Avery v. Chapman

127 N.Y.S. 721
CourtNew York Supreme Court
DecidedFebruary 17, 1911
StatusPublished
Cited by5 cases

This text of 127 N.Y.S. 721 (Avery v. Chapman) is published on Counsel Stack Legal Research, covering New York Supreme Court primary law. Counsel Stack provides free access to over 12 million legal documents including statutes, case law, regulations, and constitutions.

Bluebook
Avery v. Chapman, 127 N.Y.S. 721 (N.Y. Super. Ct. 1911).

Opinion

FOOTE, J.

On the 3d day of June, 1910, defendant, who was a dealer in pianos, entered into a contract on one of defendant’s printed forms with Erwin J. Fowley and Lillian May Fowley for the sale to them of a piano for the price of $265, to be paid in installments of $5 on August 1st following and $1.25 per week thereafter, with interest.
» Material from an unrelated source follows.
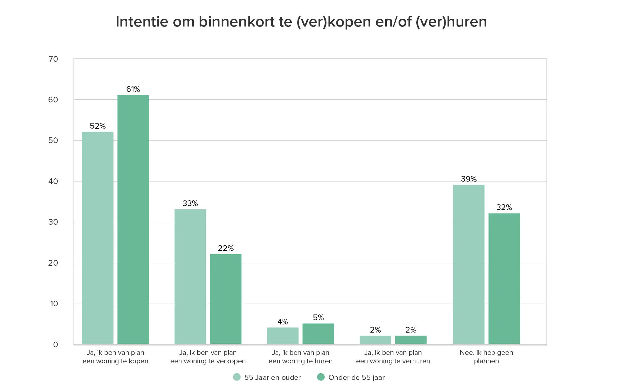 Meer dan de helft van de 55-plussers wil graag binnenkort een nieuwe woning kopen. Van de 55-plussers die aangeven dit binnenkort niet te willen doen (39%), geeft 52% aan dit ooit wél nog van plan te zijn. Een groot gedeelte van 55-plussers ziet zichzelf dus binnenkort of later nog verhuizen. De 55-plussers die liever niet meer verhuizen geven aan dat ze momenteel fijn wonen, en gehecht zijn aan hun huidige woning en omgeving.

The contract contained these provisions:

“It is also mutually understood and agreed that said E. J. Chapman, or his assigns, do not part with, nor do I acquire any interest whatsoever in said instrument until the whole of said purchase price and interest is fully paid, according to the terms above mentioned.
“In case of any failure on my part to fulfill and observe each and every of the terms of this agreement, or upon default of any payment of principal or interest, the whole sum shall, at the option of E. J. Chapman, become immediately due and payable, anything heretofore to the contrary notwithstanding, and he may sue for the entire amount aforesaid. And in case of such failure or default, or if E. J. Chapman at any time deems himself insecure, he or his agents, attorney or assigns, may enter my house and take said instrument into his possession and collect charges for transportation to and from my residence and all payments heretofore made by me on this agreement shall be considered as made to said E. J. Chapman, or to his assigns, for the use of said instrument and not on account of purchase thereof, and [722]*722in case of repossession by E. J. Chapman I hereby waive all claims of every name and nature.”
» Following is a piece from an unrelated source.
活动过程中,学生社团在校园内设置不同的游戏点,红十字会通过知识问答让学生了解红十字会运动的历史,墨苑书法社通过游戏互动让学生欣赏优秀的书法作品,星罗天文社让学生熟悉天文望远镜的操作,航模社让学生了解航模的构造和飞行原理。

This• contract was signed by the Fowleys alone; but the piano had previously been delivered to them by Chapman’s agent on trial and was then in their possession. The Fowleys defaulted on all the payments, and on August 16, 1910, Chapman began an action against them in the Municipal Court of the City of Rochester. The complaint in that action was verified by Chapman, and, among other things, alleged that on June 3, Í910, he sold and delivered to the Fowleys, defendants, said piano at their special instance and request, at the value and agreed price of $265. It also alleged the making by the Fowleys ' of the contract above mentioned, and a copy thereof was attached, and that said Fowleys had failed to make any payments whatsoever thereon. It also alleged that there was justly due to plaintiff from defendants $265, with interest from June 3, 1910. It did not allege that plaintiff had elected that the whole purchase price should become due. The Fowleys interposed no defense, and on August 30th judgment was rendered in Chapman’s favor by default for $278.46, damages and costs.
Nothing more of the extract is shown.